As I headed west in mid-December, the United States was facing three crises at home.
The pandemic, the resulting economic downturn, and a new understanding of the racial divides that have haunted us since before the country became an independent nation. By the time I returned, in early January, we were facing a fourth crisis that is directly connected to the other three and resulted in a violent attack by Americans on their own U.S. Capitol on January 6.

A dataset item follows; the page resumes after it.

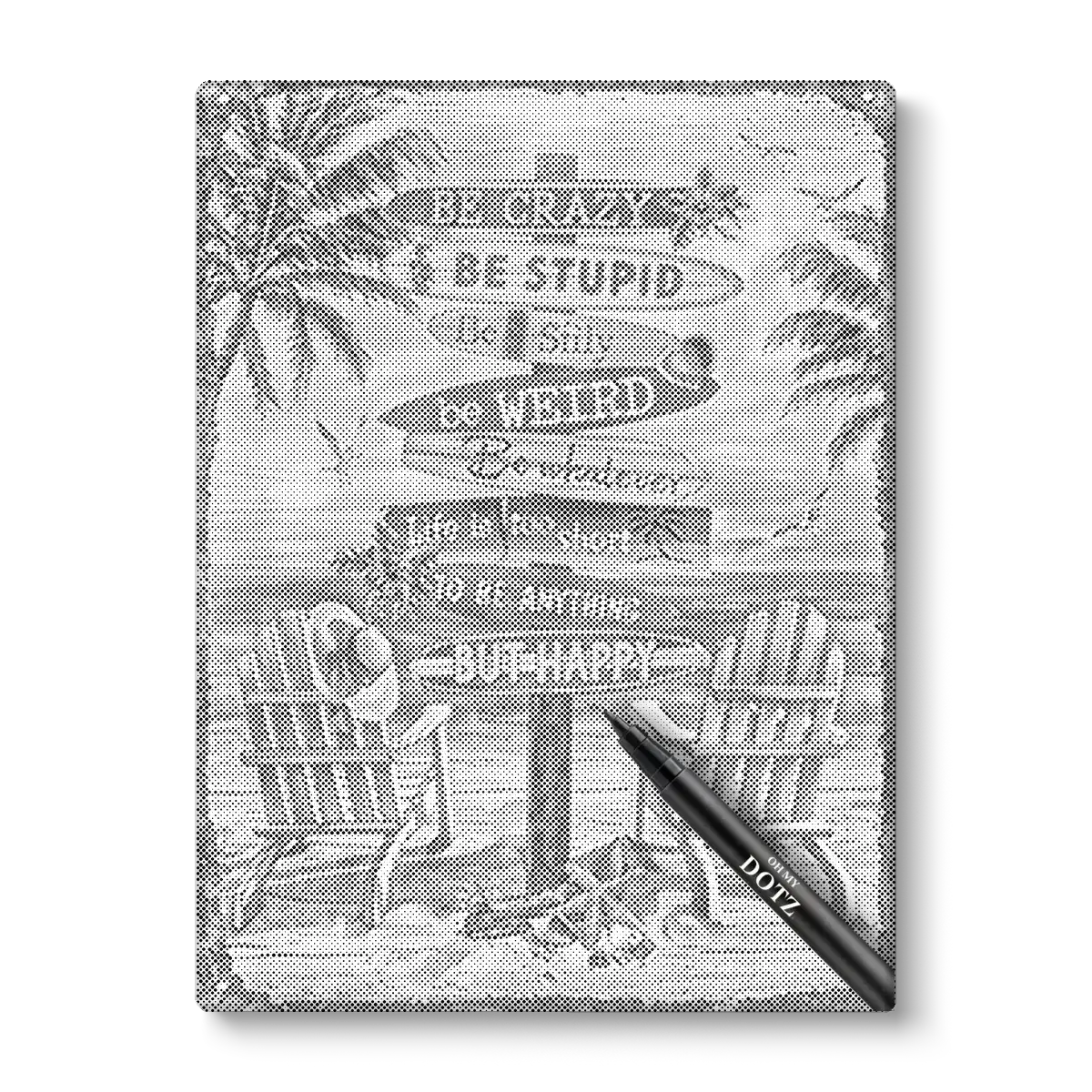 De steentjes zijn vervangen voor stiften waarmee je jouw foto tot leven brengt met stippen.

The seed for this trip was planted in the summer of last year when former President Trump decided to hold the first major rally of his re-election campaign in Tulsa, Oklahoma. Anticipating a historic event, I considered driving to Tulsa from the east coast and using the stops in between to take the country's temperature. Concerns about COVID-19 kept me from going, but by the end of the year, I decided I could do the trip safely if I self-isolated along the way.
What I found may seem unsurprising to anyone who follows the news, but the depth of our current national crises is a surprise. The major cities I stopped in have been largely quieted by the pandemic. On the road, in local media, on the car radio; it is evident that the political divide between Democrats and Republicans, or more specifically between supporters of former President Trump and those who voted against him persists. In many places, it feels like the campaign is still underway, or that half the country simply feels the election produced the wrong - perhaps an even illegimitate - result.

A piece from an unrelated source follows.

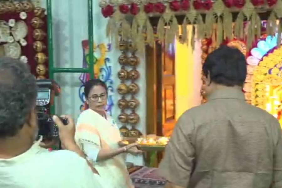 পরনে সরু বেগুনি পাড়ের সাদা শাড়ি, কাঁধে সাদা উত্তরীয়। এমন সাদামাটা গৃহকর্ত্রীর সাজেই কালীপুজোয় দেখা যায় রাজ্যের মুখ্যমন্ত্রীকে। আজও সেই রূপ তাঁর। কিছুক্ষণ পুজোর সাজসজ্জার কাজ দেখলেন মমতা। তার পর চলে গেলেন অন্যদিকে। ততক্ষণে কালীঘাটের বাড়িতে এসে পৌঁছেছেন বিধানসভার স্পিকার বিমান বন্দ্যোপাধ্যায়। তাঁর সঙ্গে কিছুক্ষণ কথা বললেন মুখ্যমন্ত্রী। তার পর থালায় প্রদীপ সাজিয়ে তিনি গেলেন অন্দরমহলে। তিথি মেনে আজ রাতেই তাঁর বাড়িতে কালীপুজো। সন্ধের পর থেকে শুরু হয়ে যাবে ভোগ রান্নার আয়োজন। তাতেও হাত লাগাবেন মুখ্যমন্ত্রী। সেইসঙ্গে বাড়িতে অতিথি-অভ্যাগতদেরও আপ্যায়ণের দায়িত্ব সামলাবেন তিনি নিজে। দিন থেকে রাত, আজকের দিনটা তাঁর ব্যস্ততাতেই কাটছে।

I never came upon an instance of protest and counter-protest. I never over-heard an argument about politics anywhere I stopped. I did experience a sense of unease between strangers that began with how people chose to wear, or not wear, a face covering, and continued to thread its way through interactions in the form of a difficult subject not broached.
Former President Obama rose to power on the phrase, "There is no red America and no blue America. There is the United States of America." In contrast to that rhetoric, the America I experienced, on this trip, is one with two sides and two different realities.
This is the most troubling aspect of the legacy of the Trump administration and where the country stands. It really hit home for me on January 6. Not because of the riot taking place that day at the U.S. Capitol, but because of what I witnessed first hand in Nashville, Tennessee.
I pulled into town that day, around noon, and happened upon a pro-Trump rally on a public plaza next to the state Capitol. There were only about 100 people on hand, but they were carrying signs and listening to speakers that ran counter to the real facts about the 2020 election.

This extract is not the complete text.